La realtà dei palestinesi di Gaza è drammatica, e questa situazione si ripercuote politicamente sulla “questione palestinese”. La retorica di una politicapartigiana” condizionata da vari fattori soprattutto mediatici, sottolinea la sofferenza di un popolo, e annebbia la tragica realtà non puntando l’attenzione su chi la sta causando. Così quando Israele annichilisce alcuni degli innumerevoli dirigenti dell’opulento gruppo terroristico-politico di Hamas, come è accaduto in Qatar, sembra che sia uscita, per l’ennesima volta, dai binari delle “regole e dall’etica internazionale”. Ma il contrasto sociale esistente nella Striscia di Gaza è cinicamente presente, anche se sovente molti media sorvolano sulla radice del problema. I palestinesi di Gaza muoiono e soffrono, mentre la grande famiglia di Hamas prolifica, gode di loschi finanziamenti internazionali, sequestra interi convogli di aiuti umanitari ricattando i palestinesi della “Striscia”, e arricchendo le proprie risorse; le famiglie dei capi di Hamas sono protette, anche oltre confine, e gli articolati depositi bancari del gruppo islamista crescono. Comunque questa realtà raramente viene esposta. I finanziamenti di Hamas sono complessi e tentacolari, e oscure sono le sue radici che si allargano molto al di là del perimetro geografico della Striscia di Gaza.

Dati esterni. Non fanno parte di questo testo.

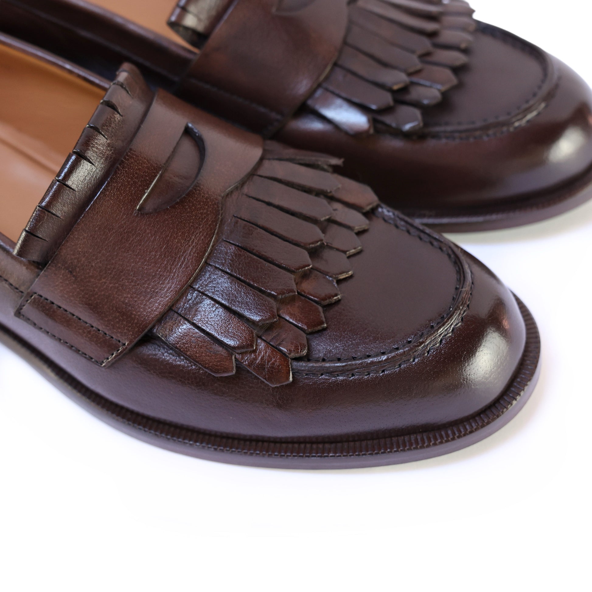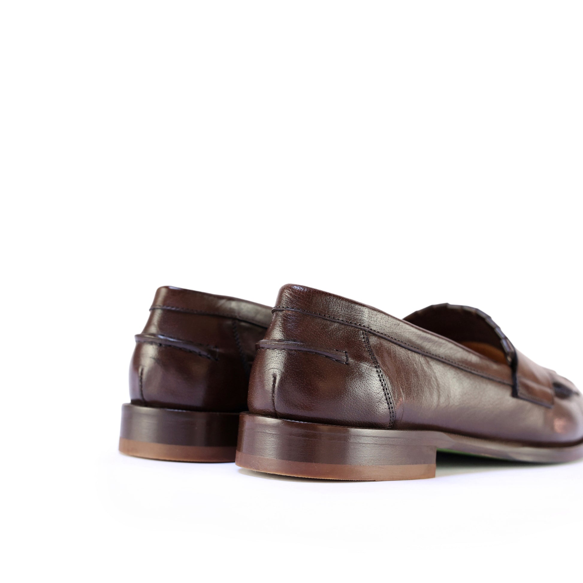 Mocassino in pelle artigianale selezionata 100% Made in Italy con impunture e traversina frontale. Tacco basso. Lavorazione a sacchetto per una morbidezza unica ed un comfort assoluto.
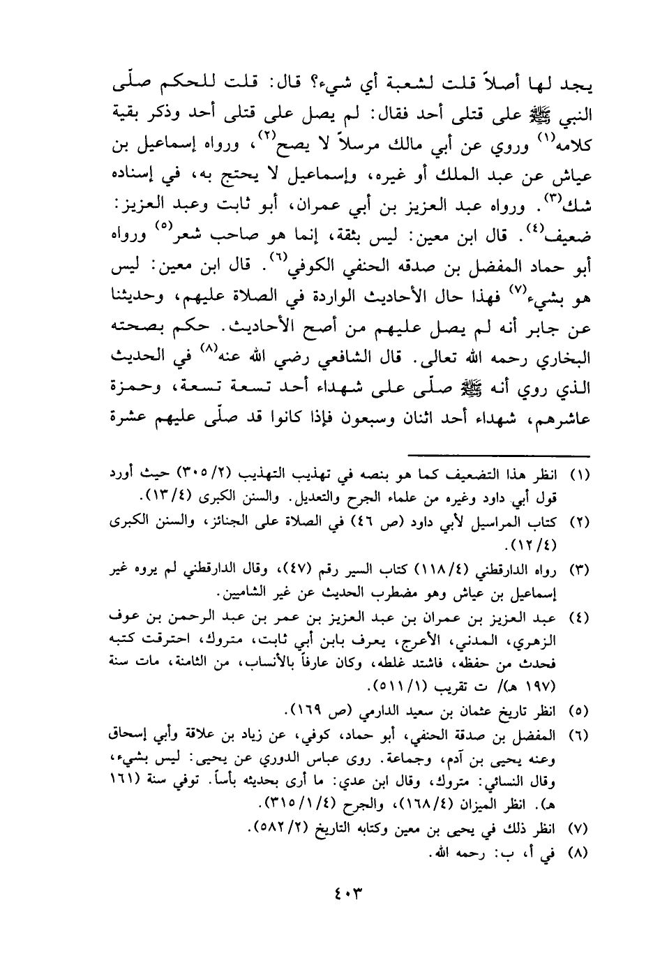 يجد لَهَا أصلا قلت لشعبة أَي شَيْء؟ قَالَ: قلت للْحكم صلى النَّبِي - صَلَّى اللَّهُ عَلَيْهِ وَسَلَّم َ - على قَتْلَى أحد فَقَالَ: لم يصل على قَتْلَى أحد وَذكر بَقِيَّة كَلَامه وَرُوِيَ عَن أبي مَالك مُرْسلا لَا يَصح، وَرَوَاهُ إِسْمَاعِيل بن عَيَّاش عَن عبد الْملك أَو غَيره، وَإِسْمَاعِيل لَا يحْتَج بِهِ، فِي إِسْنَاده شكّ. وَرَوَاهُ عبد الْعَزِيز بن أبي عمرَان، أَبُو ثَابت وَعبد الْعَزِيز: ضَعِيف. قَالَ ابْن معِين: لَيْسَ بِثِقَة، إِنَّمَا هُوَ صَاحب شعر وَرَوَاهُ أَبُو حَمَّاد الْمفضل بن صَدَقَة الْحَنَفِيّ الْكُوفِي. قَالَ ابْن معِين: لَيْسَ هُوَ بِشَيْء فَهَذَا حَال الْأَحَادِيث الْوَارِدَة فِي الصَّلَاة عَلَيْهِم، وحديثنا عَن جَابر أَنه لم يصل عَلَيْهِم من أصح الْأَحَادِيث. حكم بِصِحَّتِهِ البُخَارِيّ رَحمَه الله تَعَالَى. قَالَ الشَّافِعِي رَضِي الله عَنهُ فِي الحَدِيث الَّذِي رُوِيَ أَنه - صَلَّى اللَّهُ عَلَيْهِ وَسَلَّم َ - صلى على شُهَدَاء أحد تِسْعَة تِسْعَة، وَحَمْزَة عاشرهم، شُهَدَاء أحد اثْنَان وَسَبْعُونَ فَإِذا كَانُوا قد صلى عَلَيْهِم عشرَة
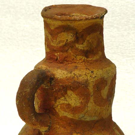 Moringa de borda extrovertida, contorno complexo e base plana. Apresenta na superfície externa decoração com motivos geometrizantes pintados
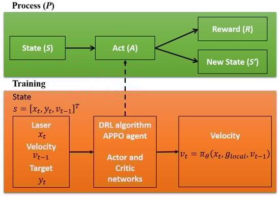 where is the observation from the laser scanner, is the local target calculated by the global planner, and is the velocity command from the last time step. The functionality of elements of methodology is shown in Figure 1. Here, is used to derive the relative local pose and the angle to path, which are concatenated in . The final state representation is .
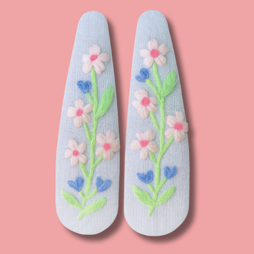 Hand-stitched snap clips with embroidered floral designs. Backed with soft felt padding for a secure hold that won’t tug or pull—gentle on all hair types and comfortable for all-day wear. 🌼
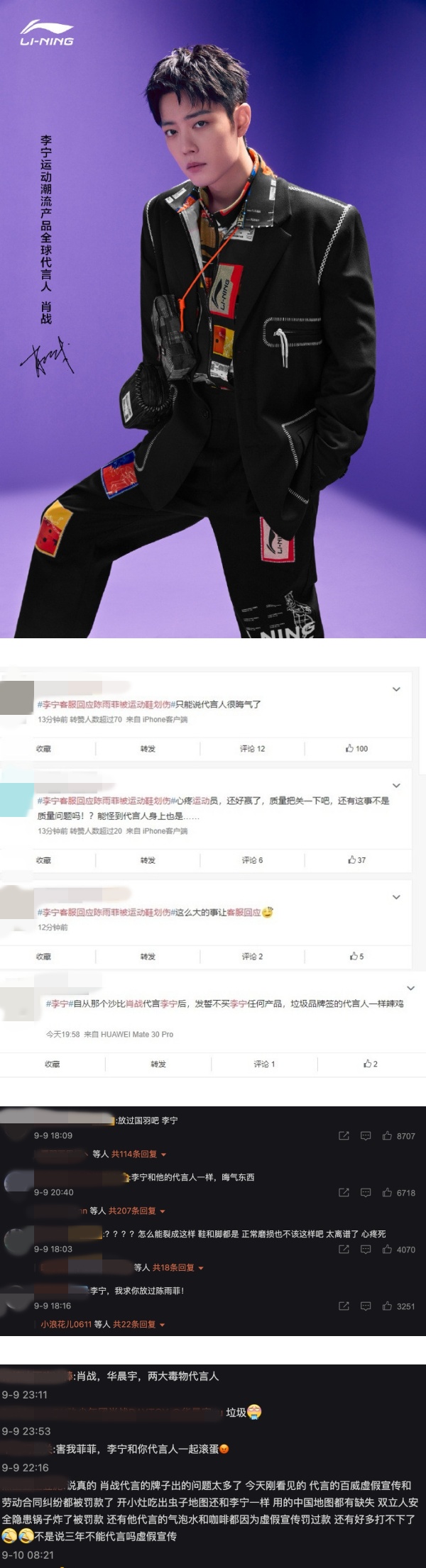 肖战无故遭受网友谩骂后,也有不少粉丝澄清他只是潮流支线的代言人,并非运动支线的代言人,且球鞋品质出事根本不应该责怪代言人,而是应该怪品牌,希望民众可以理性态度看待。

Il movimento armato conosciuto come Brigate Izz al-Din al-Qassam, è il braccio armato di Hamas che molti stati considerano un gruppo terroristico che governa e amministra un territorio in cui inizialmente vivevano quasi due milioni e mezzo di persone. In questo contesto oltre 50mila lavoratori erano dipendenti pubblici, oltre i componenti del suo braccio militare che superavano le 25mila unità. Chiaramente tale numero di dipendenti è sproporzionato rispetto al numero di abitanti, ma tale è la consuetudine in regimi autoritari dove quasi non esiste l’industria privata e le varie attività autonome sono prevalentemente operative nel piccolo e medio commercio e legati comunque alle dinamiche economiche che scaturiscono dal “sistema pubblico”. Hamas, essendo una organizzazione politica e sociale, riceve aiuti internazionali da governi stranieri, da enti di beneficenza e affini, oltre che riscuotere tasse e imporre anche estemporanee gabelle ai cittadini e attività private. Ma l’organizzazione islamista gestisce anche un torbido portafoglio di investimenti internazionali e utilizza le cryptovalute come sistema per aggirare le sanzioni internazionali. Tutto ciò ha permesso ad Hamas di attaccare Israele il 7 ottobre 2023 e equipaggiarsi di armi sofisticate in grande numero.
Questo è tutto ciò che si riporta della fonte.